THE NAME OF A CLINT EASTWOOD WESTERN

cobra44

Member
Joined
Feb 7, 2007
Messages
957
Reaction score
69
A lot of you are western movie fans. I have been trying to remember the name of this one Clint movie that I would like to see again.
It has a scene where he is in a saloon (I know almost all of his movies did) and he is going to leave and knows that there are guys waiting to ambush him.
He says something like, I'll kill your mother, your father, etc, and I think that he even mentions their dog, and the bad guys take off.
Anyone know what the name is?
Any information would be greatly appreciated.
 
Register to hide this ad
Movie

Those words were spoken in Unforgiven. It was raining in that scene and I believe he told them to give his partner a proper burial as well.
That is IIRC

Bruce
 
Thanks for the answer.
I will check the local shops to see if they have it.
 
That was his last western made and it was in 1992. Doesn't seem like that long ago-still a great movie.
 
That was a great scene in a great movie, one of Clint's best.
 
Unforgiven is one of the best modern westerns. A true master piece.
 
Little Bill-"You just shot an unarmed man!"
William Munny-"Well, he should have armed himself if he's going to decorate his saloon with my friend."
 
Somewhere, in some college, there's a semester-long philosophy class that deals exclusively with the movie "Unforgiven." It's one of the most brilliant westerns ever made.
 
MY personal favorite is from another epic Clint Eastwood movie-Outlaw Josey Wales. Another saloon scene where the bounty hunter comes into the saloon to get Josie

Josey Wales: "...you a bounty hunter?"

Bounty hunter: "A man has to make a living"

Josey Wales: "Dying ain't much of a living, boy"
 
Yes its a great western. Gene Hackman is good at playing a rotten crud too. And Clint he is excellent. I may be incorrect but like so many Hollywood idiots I believe Hackman is anti-2nd Amendment. It comes with the territory. In old England (Shakespeare time ) actors were looked down upon and considered trash. Now they are held in high esteem. A few are probably good persons. Make your own mind up but look at there lifestyles. John Travolta is an example.

Wait back to the movie. How about the Spencer rifle? Or the misfires with Clints double? A bit of interesting firepower and something that was more common than we experience.
 
Last edited:
Hackman was great as sadistic sheriff Lil Bill too.

Madam: "You just kicked the crap out of an innocent man!"

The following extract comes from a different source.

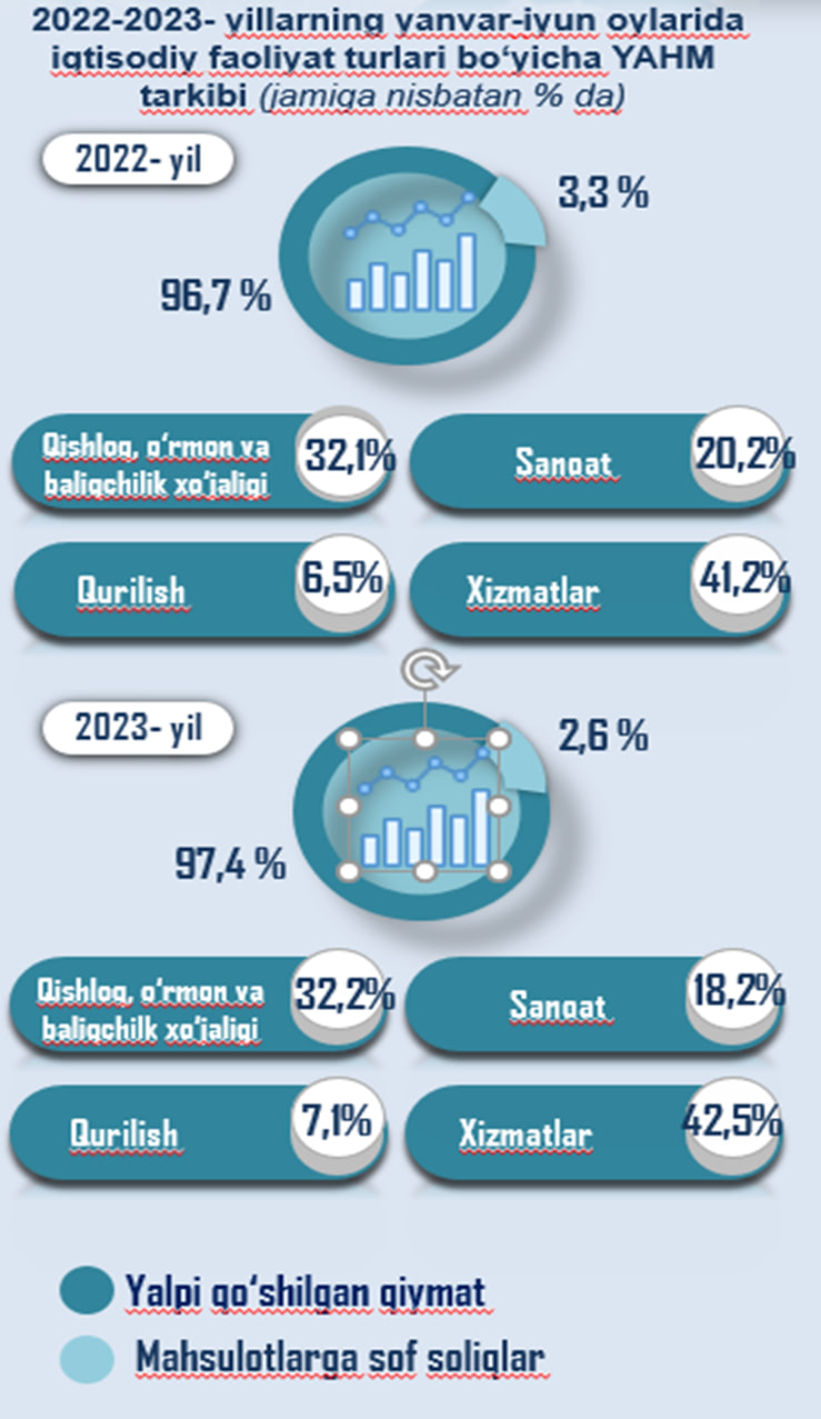 2023-yilning yanvar-iyun oylarida hudud iqtisodiyotining barcha tarmoqlarida yaratilgan yalpi qo‘shilgan qiymat hajmi umumiy YAHMning 97,4 %ini, mahsulotlarga sof soliqlar esa 2,6 %ini tashkil etdi.

Lil Bill (after beating Clint): Innocent? Innocent of what?"
 
I watched some of it last night, I know this has been discussed before, but why does a cowboy when confronted with a fight has to lever a round into the chamber. Death came in an instant in the old west, you had to be prepared. I guess it is for show, kind of like working a pump action on a shotgun for effect.
 
I guess I'm the only one that thinks it's nothing but Hollywood trash then.

The hero of the movie is a man who constantly tells how good he is since his deceased wife changed him so much, so much so that it actually gets sickening, he won't drink alcohol, won't touch another woman, yada, yada, yada.

But he thinks nothing of leaving his two pre-teen children alone to run a pig-farm, that he can't run himself, in order to murder two men for money. Then, after one of his accomplices is killed for his part in a felony, he murders several more people who did nothing to him or his friend. Exactly what is the message that this movie delivers to the audience? How is he a Hero?

I guess I see the movie differently than everyone esle. The way all the other characters in the movie are portrayed as cowards, or psychos, and nothing like our poor protagonist, that has even forgotten how to ride a horse, in a time when everyone had to know how to ride a horse. It looks to me like typical liberal arts garbage. He is justified in anything he does because he's a movie star. I don't buy it in the movies and I don't buy it in real life.